From left to fight) Peng Liyuan, Xi, Trump, and Melanie Trump at Mar-a-Lago in April 2017. Looking at both Trump and Xi, both are solid experienced men who wield significant power daily under tremendous pressures of leadership. Both men seem to have been born with an innate sense for leading very large organizations, in this case the US and Chinese governments respectively, with a dominant sense and intuition of what is happening with all of their near infinite moving parts at any given time. Often such abilities go unnoticed much as the fine strokes of a master painters brush. The two men were raised in two different cultures and two different systems of government. Those differences at certain points are considerable. Yet, there is a respect between them and as important, a willingness by both to treat one another as they would want to be treated. That practice can even be seen when the two leaders are together publicly. They are competitors, but they are also friends.

The Way Forward

Opinionis enim commenta delet dies, naturae judicia confirmat. (For time destroys the fictions of error and opinion, while it confirms the determination of nature and of truth.) Nothing discussed here should sound extravagant. Beijing has proffered wild ideas about the US beginning with the farce about the US Army’s role in the spread of the coronavirus. It does appear that was very likely part of Beijing’s effort to score a political warfare victory. The political warfare attack was method, wrongfully implemented, poorly executed, and absolutely unnecessary. It is all sad and unfortunate. The entire industrialized world is presently caught up with defeating this virus pandemic and doing their best. It is unfortunate that your country suffered first and dearly over it, but despite embarrassment or disappointment, even shame that may cause, that is a reality. That, however, should not be the immediate focus. What the world does not need is the distraction of attacks to deflect culpability. It does not solve the crisis, does not demonstrate goodwill, and does not display an appropriate use of China’s national power along the lines of excellence. If anything, the political warfare attack has resulted in a loss of political currency in the world, which ironically is what China sought to protect with the effort. Lies do not last with age. The truth is usually discovered.

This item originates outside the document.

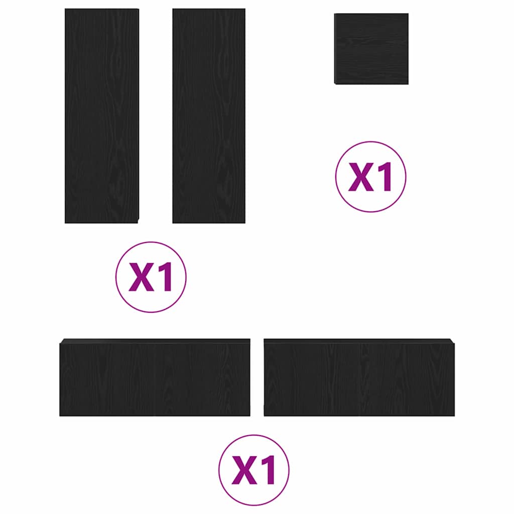 Ismerkedj meg a vidaXL 5 darabos TV állvány szettjével, stílusos fekete tölgyfa felülettel, ami feldobja a nappalid hangulatát, miközben rengeteg tárolási megoldást kínál.

China is a great nation, a nation of great achievements, and it certainly has ambitions to accomplish even greater things. However, at the present, with the exception of Xi’s telephone call to Trump, it is not acting as such. Hopefully, his words have set the true course for the Chinese government from this point on. Indeed, rather than focusing on what has occurred emotionally and ascribing fault, and igniting discourse over a farce, China’s focus should be finding solutions. That would greatly impress the world. When a solution is found, that will garner far more praise than reproach for fault. If establishing a positive image for itself has become some immutable cause, China might show the world just how hard at work it is in finding that solution as a good member of the community of nations. Again, achievements made in that direction will shape the image of China not political warfare. Deus hæc fortasse benigna reducet in sedem vice. (Perhaps God by some gracious change, will restore things to their proper place.)